Abstract

Today, aggressive verbal behavior is generally perceived as a threat to integrity and democratic quality of public discussions, including those online. However, we argue that, in more restrictive political regimes, communicative aggression may play constructive roles in both discussion dynamics and empowerment of political groups. This might be especially true for restrictive political and legal environments like Russia, where obscene speech is prohibited by law in registered media and the political environment does not give much space for voicing discontent. Taking Russian YouTube as an example, we explore the roles of two under-researched types of communicative aggression—obscene speech and politically motivated hate speech—within the publics of video commenters. For that, we use the case of the Moscow protests of 2019 against non-admission of independent and oppositional candidates to run for the Moscow city parliament. The sample of over 77,000 comments for 13 videos of more than 100,000 views has undergone pre-processing and vocabulary-based detection of aggression.

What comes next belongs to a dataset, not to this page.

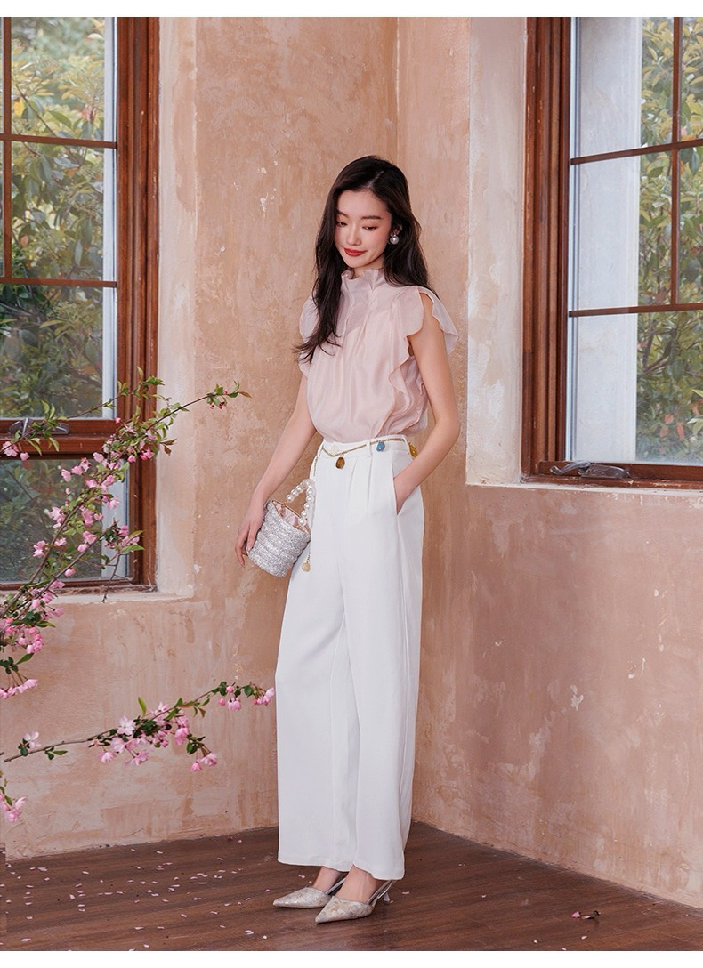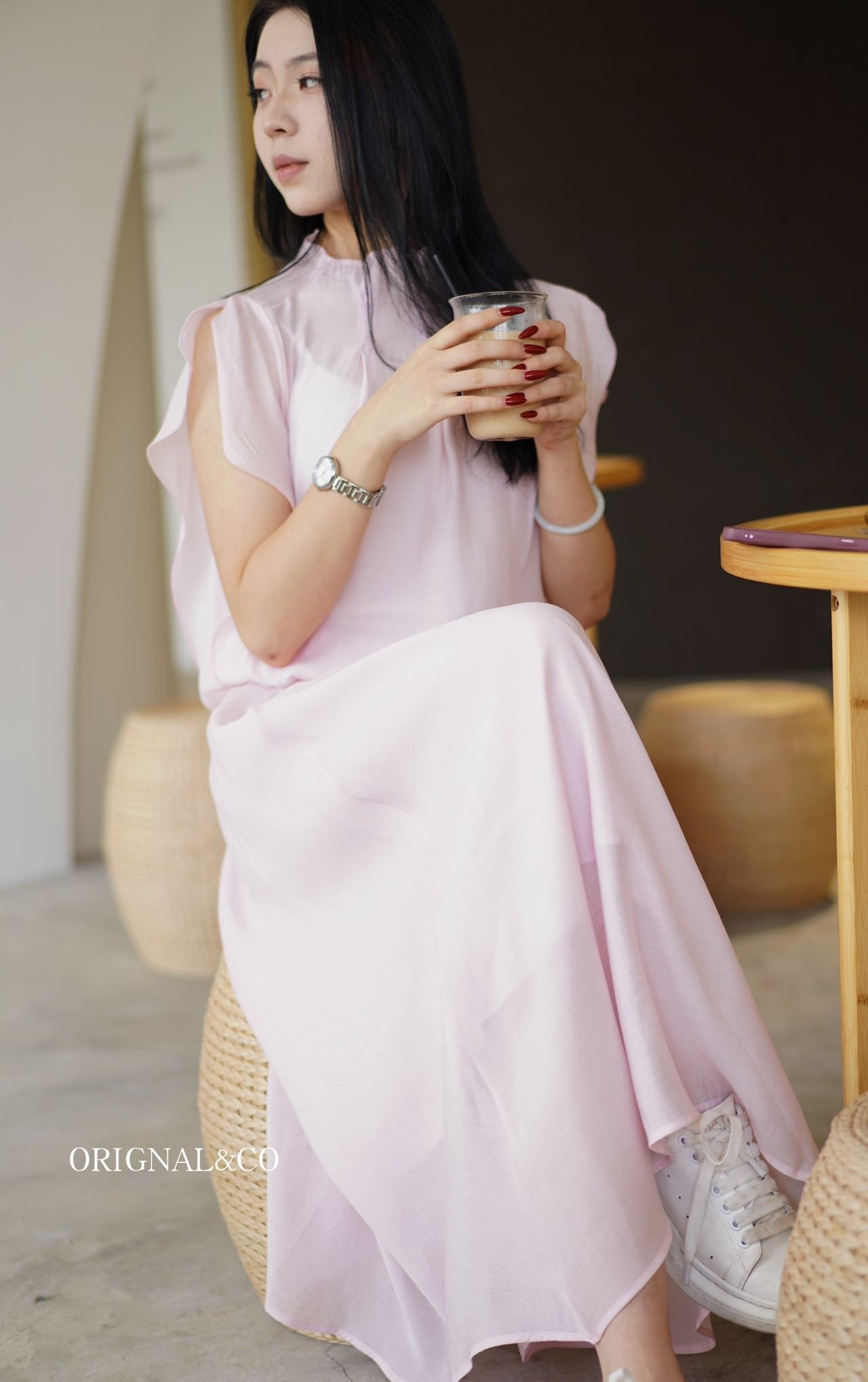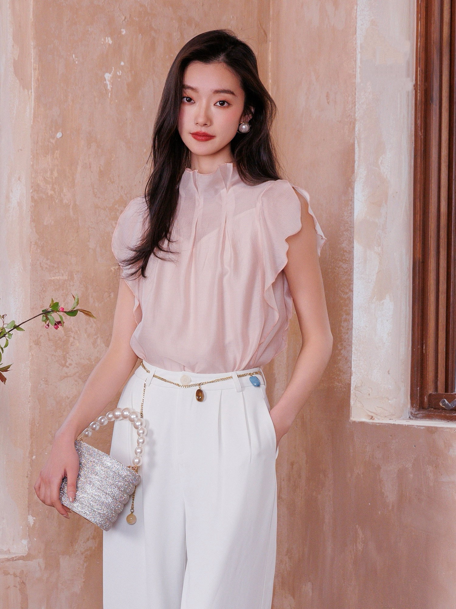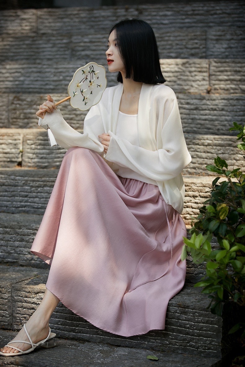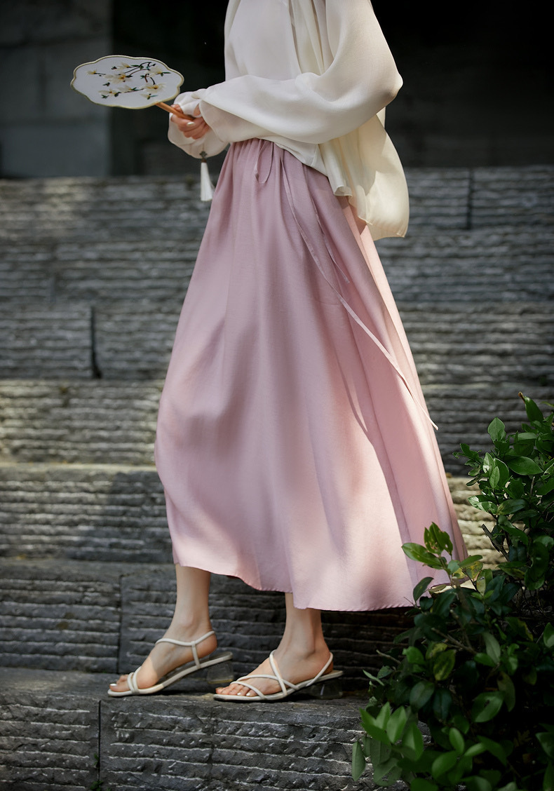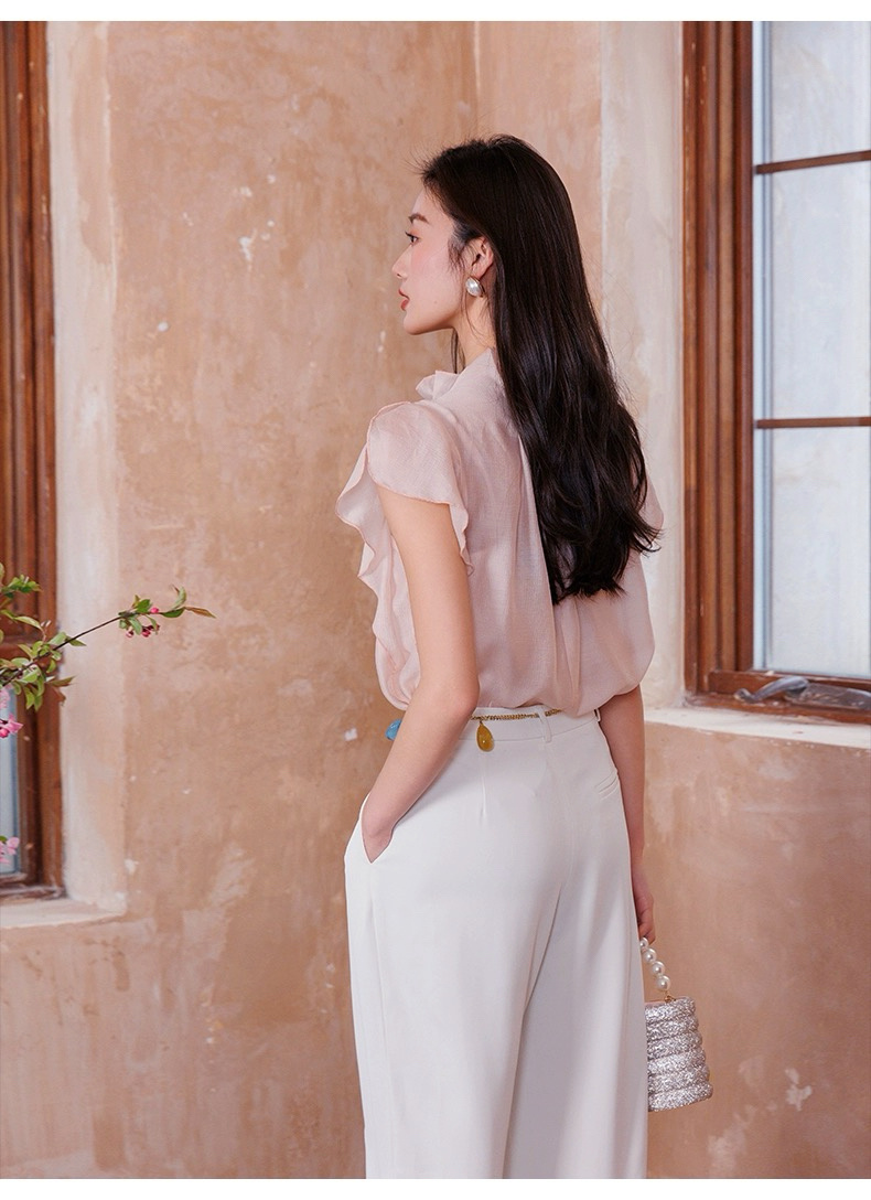 【英国ORIGNAL&CO 珠光粉套装】上衣+半裙 半裙宽松版型 花瓣袖上衣 选用优质天丝面料

To assess the impact of hate speech upon the dynamics of the discussions, we have used Granger tests and assessment of discussion histograms; we have also assessed the selected groups of posts in an exploratory manner. Our findings demonstrate that communicative aggression helps to express immediate support and solidarity. It also contextualizes the criticism towards both the authorities and regime challengers, as well as demarcates the counter-public.

Highlights

  • In contemporary networked discussions, aggressive verbal behavior is a widespread phenomenon

  • We have formulated four types of communicative aggression, all politically relevant and tabooed/prohibited by law: 1) Humiliation, including politically motivated hate speech and discriminative expressions—this type is partly directed at authorities and police and, might fall under the law on offence of civil servants; 2) radical political claims, including calls for aggressive action against individuals or groups—this is prohibited, as it may be considered extremism or a call to overthrow the existing political system; and 3) obscene language, which is tabooed and prohibited by the law against public swearing

  • The videos that happened to be in our collection belonged to three types: foreign media in Russian (BBC News, Euronews, DW, and a Ukrainian correspondent in Moscow), Russian oppositional public political figures active in media/online (Alexey Navalny, Maxim Shevchenko), and activist channels focused mainly on independent news production (My Protest, Mordor Channel, and Superpower News)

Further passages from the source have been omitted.